His claim to credentials in this area doesn’t logically follow, either:
I’ve become an expert on how to increase economic inequality, and I’ve spent the past decade working hard to do it. ... In the real world you can create wealth as well as taking it from others.
This whole passage is intended to read logically as: “I increase economic inequality, which you might assume is bad, but it’s not so bad, because it creates wealth in the process!”.
Hopefully what PG has actually been trying to become an expert in is creating wealth (a net positive), not in increasing economic inequality (a negative, or, at best, neutral by-product of that process). If he is focused on creating wealth, as so much of the essay purports he is, then it does not necessarily follow that the startup founders will be getting richer than their customers.
Of course, many goods and services provide purely subjective utility to their consumers. But in a properly functioning market, the whole point of of engaging in transactions is to improve efficiency.
To borrow from PG’s woodworker metaphor:
A woodworker creates wealth. He makes a chair, and you willingly give him money in return for it.
I might be buying that chair to simply appreciate its chair-ness and bask in the sublime beauty of its potential for being sat-in. But equally likely, I’m buying that chair for my office, where I will sit in it, and produce some value of my own while thusly seated. If the woodworker hadn’t created that chair for me, I’d have to do it myself, and it (presumably) would have been more expensive in terms of time and resources. Therefore, by producing the chair more efficiently, the woodworker would have increased my wealth as well as his own, by increasing the delta between my expenses (which include the chair) and my revenue (generated by tripping the light pythonic or whatever).
Note that “more efficient” doesn’t necessarily mean “lower cost”. Sitting in a chair is a substantial portion of my professional activity. A higher-quality chair that costs the same amount might improve the quality of my sitting experience, which might improve my own productivity at writing code, allowing me to make more income myself.
Even if the value of the chair is purely subjective, it is still an expense, and making it more efficient to make chairs would still increase my net worth.
Therefore, if startups really generated wealth so reliably, rather than simply providing a vehicle for transferring it, we would expect to see decreases in economic inequality, as everyone was able to make the most efficient use of their own time and resources, and was able to make commensurately more money.
... variation in productivity is accelerating ...

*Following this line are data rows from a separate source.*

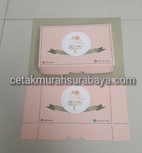 Gambar di atas adalah contoh Kemasan/Dus Kotak Donat/Roti dengan ukuran 27x18x5 cm menggunakan kertas bahan Ivory 300gr. Anda dapat menggunakan laminating glossy pada bagian dalam untuk hasil lebih mengkilat dan lebih tahan minyak.
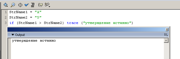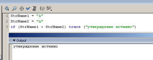 Возможно, для тех, кто только знакомится со строковыми переменными в ActionScript, следующее утверждение покажется странным, тем не менее — для строковых переменных справедливо не только понятие равенства/неравенства, но и то, что одна строковая переменная может, например, быть больше другой!
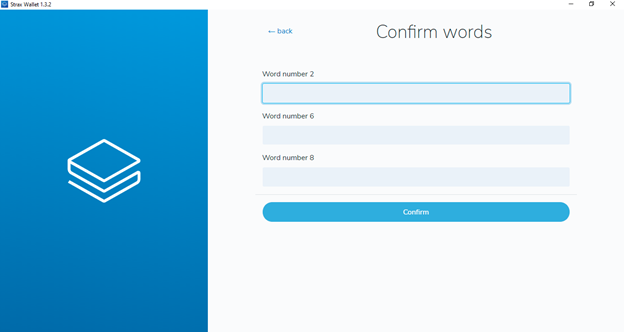 Then provide the secret words for confirmation and click confirm.
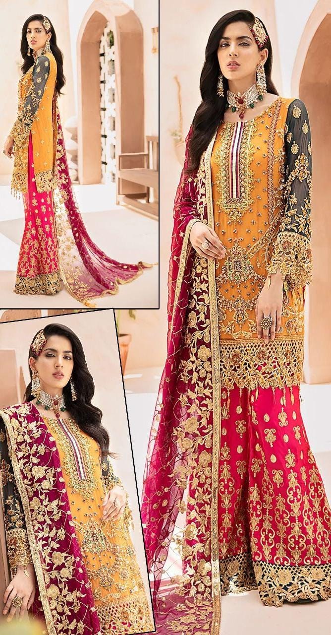 Front Fully Embroidered On Chiffon Fabric With Handwork Heavy Embroidered Neck With Handwork And Sequins Work With Heavy Embroidered Daman Patch
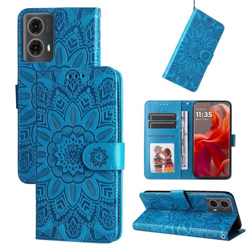 Funda de Piel con Relieve de Girasol para Motorola Moto G85 y S50 Neo (Azul)
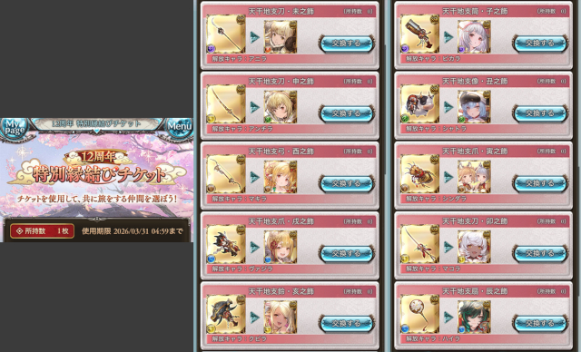 なんと! 十二神将から好きなひとりを選んでもらえる『特別縁結びチケット』が、全ユーザーに2026/03/31(火)まで限定で配られている!

Counterpoint: no it isn’t. It’s not even clear that it’s increasing, let alone that its derivative is increasing. This doesn’t appear to be something that much data is collected on, and in the absence of any citation, I have to assume that it is a restatement of the not only false, but harmful, frequently debunked 10x programmer myth.
Most people who get rich tend to be fairly driven.
This sounds obvious: of course, if you “get” rich, you have to be doing something to “get” that way. First of all, this ignores many people who simply are rich, who get their wealth from inheritance or rent-seeking, which I think is discounting a pretty substantial number of rich people.
But it is implicitly making a bolder claim: that people who get rich are more driven than other people; i.e. those who don’t get rich.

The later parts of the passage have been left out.